ALTER PROCEDURE [dbo].[MostPopularRead]
AS
BEGIN
SET NOCOUNT ON;

SELECT 
    c.ForeignId , ct.ContentSource as ContentSource
    , sum(ch.HitCount * hw.Weight) as Popularity
    , (sum(ch.HitCount * hw.Weight) * 100) / @Total as Percent
    , @Total as TotalHits
from 
    ContentHit ch WITH (NOLOCK)
    join [Content] c WITH (NOLOCK) on ch.ContentId = c.ContentId
    join HitWeight hw WITH (NOLOCK) on ch.HitWeightId = hw.HitWeightId
    join ContentType ct WITH (NOLOCK) on c.ContentTypeId = ct.ContentTypeId
where 
    ch.CreatedDate between @Then and @Now
group by
    c.ForeignId , ct.ContentSource
order by
    sum(ch.HitCount * hw.HitWeightMultiplier) desc
END

The stored proc reads from the table "ContentHit", which is a table that tracks when content on the site is clicked (it gets hit quite frequently - anything from 4 to 20 hits a minute). So its pretty clear that this table is the source of the problem. There is a stored proc that is called to add hit tracks to the ContentHit table, its pretty trivial, it just builds up a string from the params passed in, which involves a few selects from some lookup tables, followed by the main insert:

BEGIN TRAN
insert into [ContentHit] 
    (ContentId, HitCount, HitWeightId, ContentHitComment)
values
    (@ContentId, isnull(@HitCount,1), isnull(@HitWeightId,1), @ContentHitComment)
COMMIT TRAN

The ContentHit table has a clustered index on its ID column, and I've added another index on CreatedDate since that is used in the select.

When I profile the issue, I see the Stored proc executes for exactly 30 seconds, then the SQL timeout exception occurs.

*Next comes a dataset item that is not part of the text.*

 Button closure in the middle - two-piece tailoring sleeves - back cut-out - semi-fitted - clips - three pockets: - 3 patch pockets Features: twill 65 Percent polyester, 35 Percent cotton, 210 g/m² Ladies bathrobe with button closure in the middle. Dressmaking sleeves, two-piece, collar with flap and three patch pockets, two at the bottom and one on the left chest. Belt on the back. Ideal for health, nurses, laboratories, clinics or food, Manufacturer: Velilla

If it makes a difference the web application using it is ASP.NET, and I'm using Subsonic (3) to execute these stored procs.

Can someone please advise how best I can solve this problem? I don't care about reading dirty data...

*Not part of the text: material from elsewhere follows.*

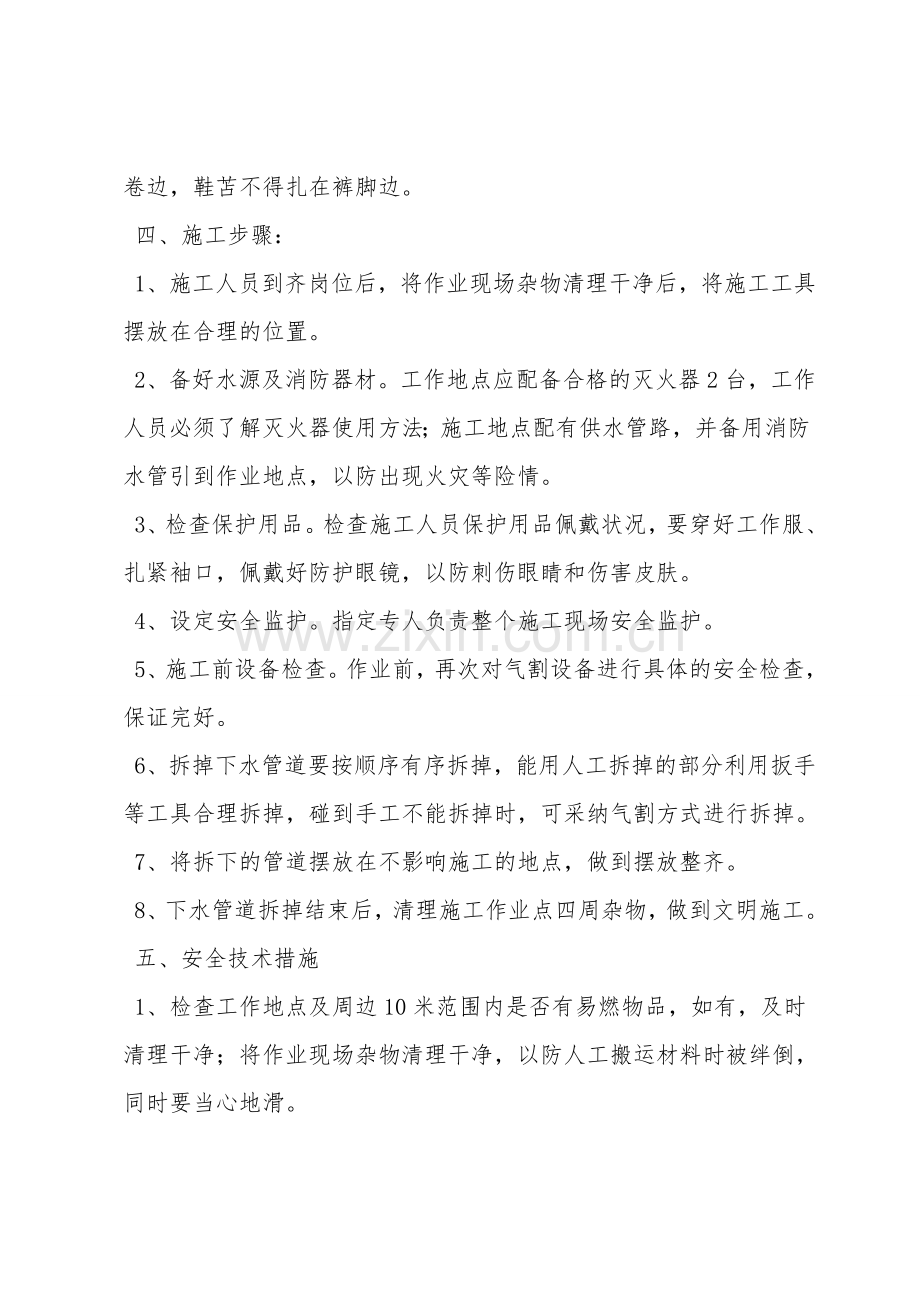 6、拆掉下水管道要按顺序有序拆掉,能用人工拆掉的部分利用扳手等工具合理拆掉,碰到手工不能拆掉时,可采纳气割方式进行拆掉。

EDIT: The MostPopularRead stored proc is called very infrequently - its called on the home page of the site, but the results are cached for a day. The pattern of events that I am seeing is when I clear the cache, multiple requests come in for the home site, and they all hit the stored proc because it hasn't yet been cached. SQL Server then maxes out, and can only be resolved by restarting the sql server process. When I do this, usually the proc will execute OK (in about 200 ms) and put the data back in the cache.

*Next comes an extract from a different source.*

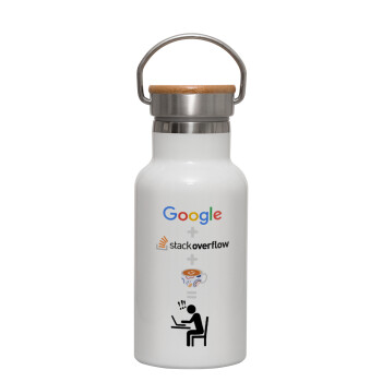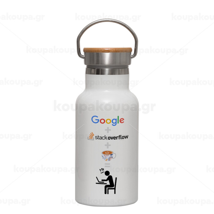 Google + Stack overflow + Coffee, Μεταλλικό παγούρι θερμός (Stainless steel) Λευκό με ξύλινο καπακι (bamboo), διπλού τοιχώματος, 350ml

EDIT 2: I've checked the execution plan, and the query looks quite sound. As I said earlier when it does run it only takes around 200ms to execute. I've added MAXDOP 1 to the select statement to force it to use only one CPU core, but I still see the issue. When I look at the wait times I see that XE_DISPATCHER_WAIT, ONDEMAND_TASK_QUEUE, BROKER_TRANSMITTER, KSOURCE_WAKEUP and BROKER_EVENTHANDLER are taking up a massive amount of wait time.

EDIT 3: I previously thought that this was related to Subsonic, our ORM, but having switched to ADO.NET, the erros is still live.

Answer

VladV picture VladV · Jun 10, 2010

The issue is likely concurrency, not locking. SOS_SCHEDULER_YIELD occurs when a task voluntarily yields the scheduler for other tasks to execute. During this wait the task is waiting for its quantum to be renewed.

How often is [MostPopularRead] SP called and how long does it take to execute? The aggregation in your query might be rather CPU-intensive, especially if there are lots of data and/or ineffective indexes. So, you might end up with high CPU pressure - basically, a demand for CPU time is too high.

I'd consider the following:

  1. Check what other queries are executing while CPU is 100% busy? Look at sys.dm_os_waiting_tasks, sys.dm_os_tasks, sys.dm_exec_requests.

  2. Look at the query plan of [MostPopularRead], try to optimize the query. Quite often an ineffective query is the root cause of a performance problem, and query optimization is much more straightforward than other performance improvement techniques.

  3. If the query plan is parallel and the query is often called by multiple clients simultaneously, forcing a single-thread plan with MAXDOP=1 hint might help (abundant use of parallel plans is usually indicated by SOS_SCHEDULER_YIELD and CXPACKET waits).

Also, have a look at this paper: Performance tuning with wait statistics. It gives a pretty good summary of different wait types and their impact on performance.

P.S. It is easier to use SET TRANSACTION ISOLATION LEVEL READ UNCOMMITTED before a query instead of adding (nolock) to each table.